Abstract
Despite protective roles in various type of infection and in would healing, T helper (Th)2 cells are drivers of inflammation in allergic asthma. In this issue of Immunity, Zou et al. demonstrate the crucial involvement of hypoxia inducible factor (HIF)2α in promoting the differentiation of inflammatory Th2 cells, suggesting HIF2α as a promising therapeutic target for the treatment of allergic asthma.

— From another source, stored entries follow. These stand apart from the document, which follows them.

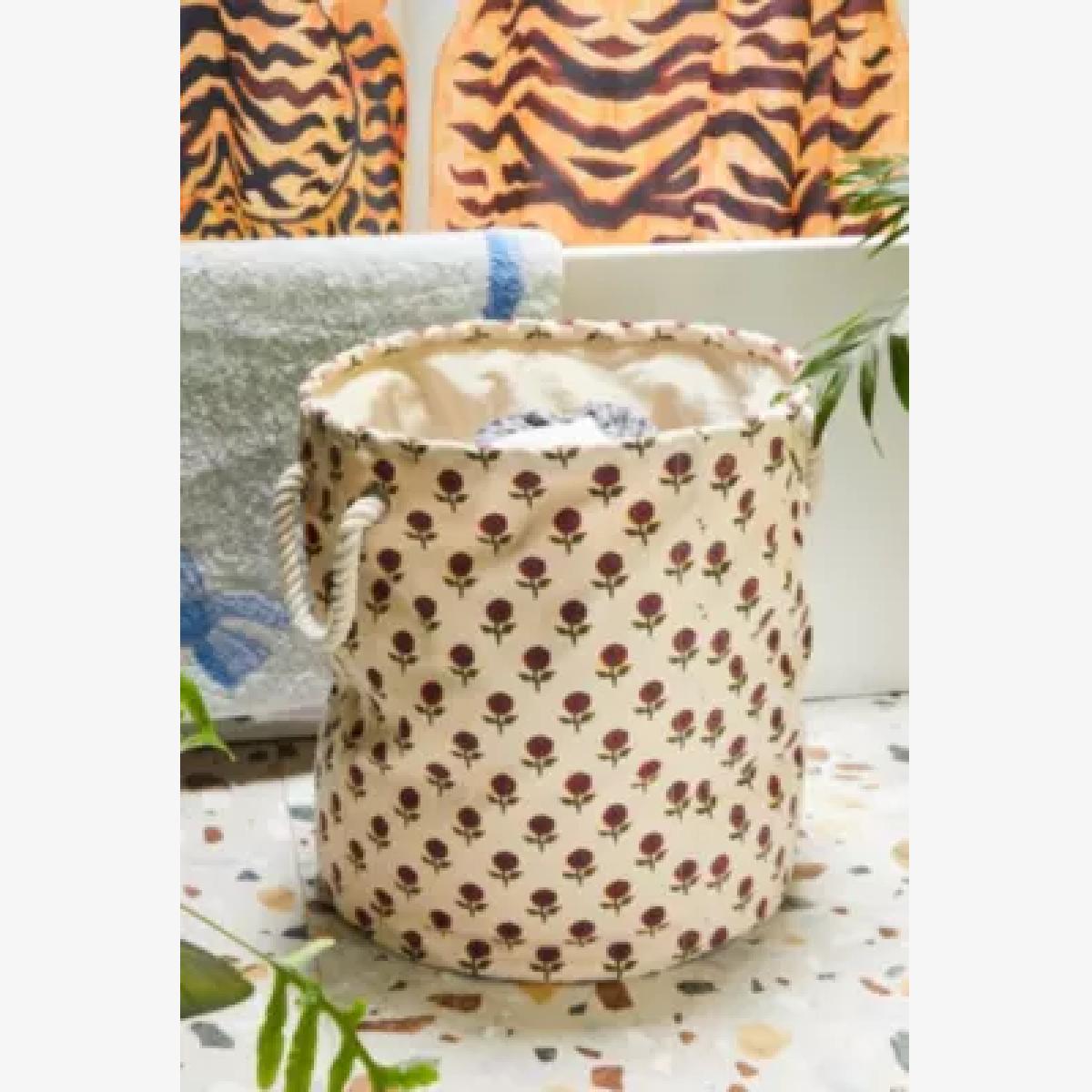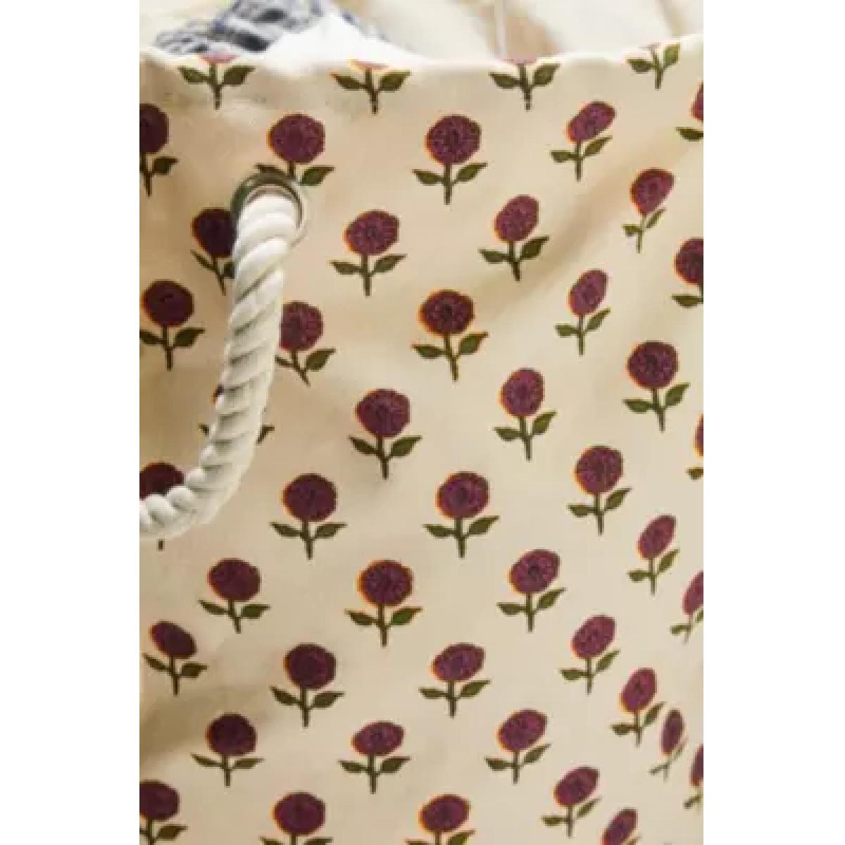 Cute floral prints top this woven laundry basket for your getting ready space. The cotton storage basket features an adjustable toggle top and woven rope handles for moving laundry to where you need it. **Content** \- 100% Cotton
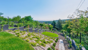 A kert öntözőrendszerrel, locsolómérővel, ültetett növényekkel és alacsony támfalakkal lett kialakítva – rendezett, mégis természetközeli összhatással.
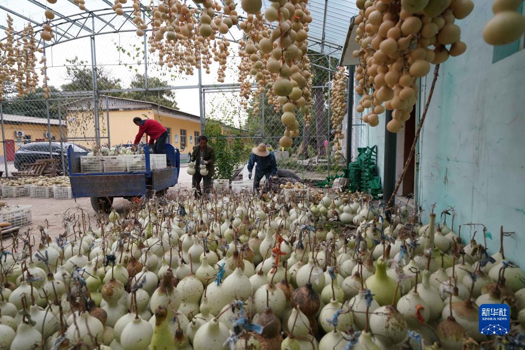 10月5日,河北省邢&市信都區會寧鎮張爾莊村村民在整理擺放葫蘆。
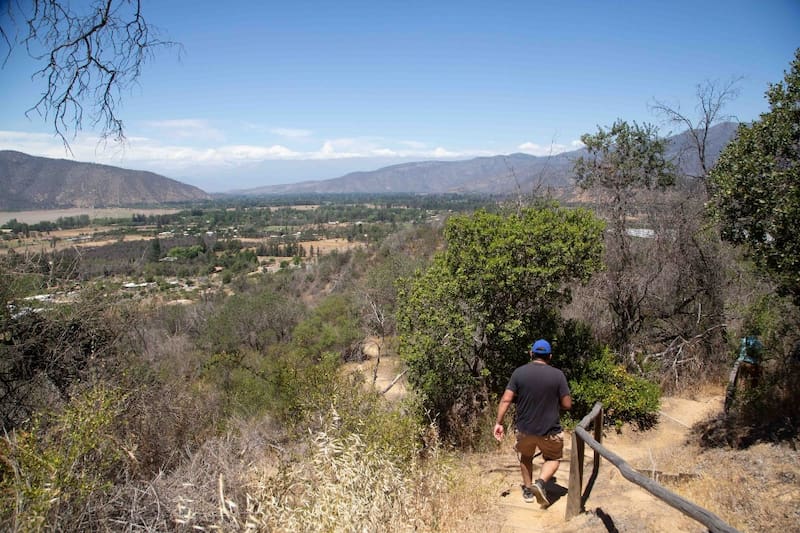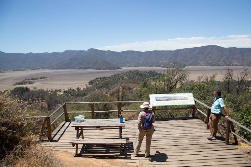 Lo mejor te espera al llegar a los dos miradores, a unos 500 metros sobre el nivel del mar, donde puedes hacer un alto y apreciar la inmensidad del lugar. El primero es uno techado y con mesas desde donde aprecias las cumbres del cordón: el colimahue, la mesata Altos de Cantillana, la quebrada La Palmilla y el cerro Horcón de Piedra.
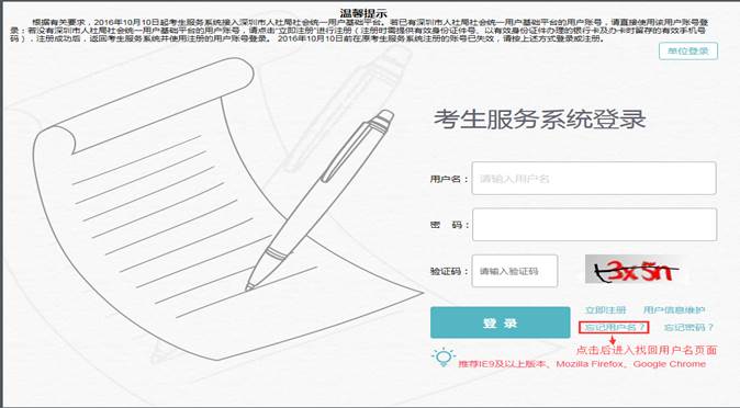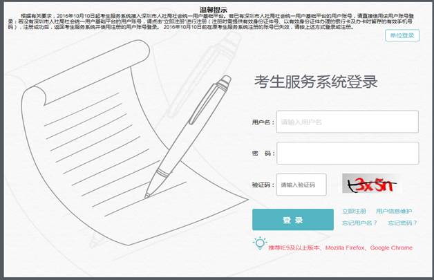 为防范冒用他人身份恶意注册、使用虚假身份信息报考等情况发生,考生服务系统已接入深圳市人力资源和社会保障局社会统一用户基础平台(以下简称统一用户平台),通过联网银行信息核验平台对考生进行实名认证。报考人员须凭已注册的统一用户平台账号方可登录考生服务系统进行报名。如没有统一用户平台账号,请在考生服务系统登录页面点击“立即注册”,在跳转的链接页面进行注册(建议从即日起先进行注册,无需等到考试报名开始)。在接入统一用户平台前注册的考生服务系统账号已失效,不再使用,需要重新注册。具体注册操作见《深圳市人事考试考生服务系统注册指南》。

Allergic asthma in both children and adults is a growing health concern worldwide, and understanding the mechanisms that promote inflammation in response to allergens is a critical step toward improved treatment and prevention. T helper (Th)2 cells form in response to a diversity of antigens including helminth parasites, common allergens (pollen, dust mites), and certain toxins like snake venom, leading to the production of type 2 cytokines that facilitate the body’s response against these threats.1 This diversity suggests that phenotypic and functional heterogeneity in the Th2 population must exist in response to different stimuli.2 In this issue, Zou et al. use single-cell datasets from both human and mice to identify Th2 cell populations driving allergic asthma.3 This analysis identifies a pathogenic population of Th2 cells with increased expression of the gene EPAS1 (Epas1 in mice) which encodes the protein hypoxia inducible factor 2a (HIF2α). Hypoxia is increased in the airways of asthma patients, suggesting that the low-oxygen environment of the lung may promote activation of HIF2α.4 Using mouse models of allergic asthma to test the role of HIF2α in Th2 cell generation, the authors uncover a HIF2α-GATA3 circuit which enhances the PI3K-AKT pathway through phospholipid metabolism to promote the differentiation of a pathogenic Th2 cell population that emerges from a TCF1+ stem-like population leading to increased airway inflammation and features of allergic asthma (Figure 1).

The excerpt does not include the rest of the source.